Retour à Hartley High sur Netflix, dans un teen drama plus proche de Sex Education que de la série originale. 

C’est quoi, Hartley, Coeur à Vif (2022) ? Amies inséparables, Amerie (Ayesha Madon) et Harper (Asher Yasbincek) sont élèves au lycée de Hartley. Sur le mur d’un bâtiment désaffecté, elles ont tagué une sorte de carte récapitulant toutes les rumeurs sur les relations sexuelles et amoureuses de leurs camarades. Or, le jour de la rentrée,  le tag est découvert. Consternée, la directrice impose des cours d’éducation sexuelle aux élèves. Quant à Amerie, elle devient une paria détestée par tout le monde, à l’exception de Darren (James Majoos) et Quinni (Chloe Hayden). De surcroît, elle se bagarre avec Harper, qui la rejette sans qu’elle comprenne pourquoi. Entre son béguin pour le beau Dusty (Joshua Heuston), son flirt avec Malachi (Thomas Weatherall), son amitié brisée avec Harper et son surnom de Map bitch, l’année scolaire s’annonce mouvementée pour la jeune fille. 

L’essentiel

Prononcer les mots Hartley, cœur à vif , c’est risquer de provoquer une vague de nostalgie chez ceux qui étaient ados dans les années 1990. A partir de 1994 et durant sept saisons, la série australienne a suivi les parcours croisés des élèves du lycée de Hartley High, de leurs parents et de leurs professeurs, tout en abordant de nombreux problèmes de société.

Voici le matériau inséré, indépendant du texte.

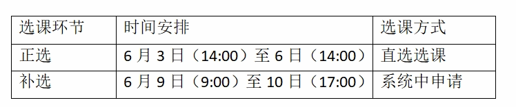 此次选课分为正选和补选。正选于6月3日14:00开始,6月6日14:00结束,选课方式为直选选课。补选于6月9日9:00开始,6月10日17:00结束,选课方式为在系统中申请。

Aujourd’hui, Netflix nous en propose une nouvelle version. Ou à peu près… L’action se déroule dans le même établissement et on croise certains personnages de la série originale (on vous laisse découvrir lesquels), mais il s’agit moins d’une suite, d’un reboot ou de ce que l’on voudra que d’une déclinaison qui puise largement dans d’autres séries plus récentes.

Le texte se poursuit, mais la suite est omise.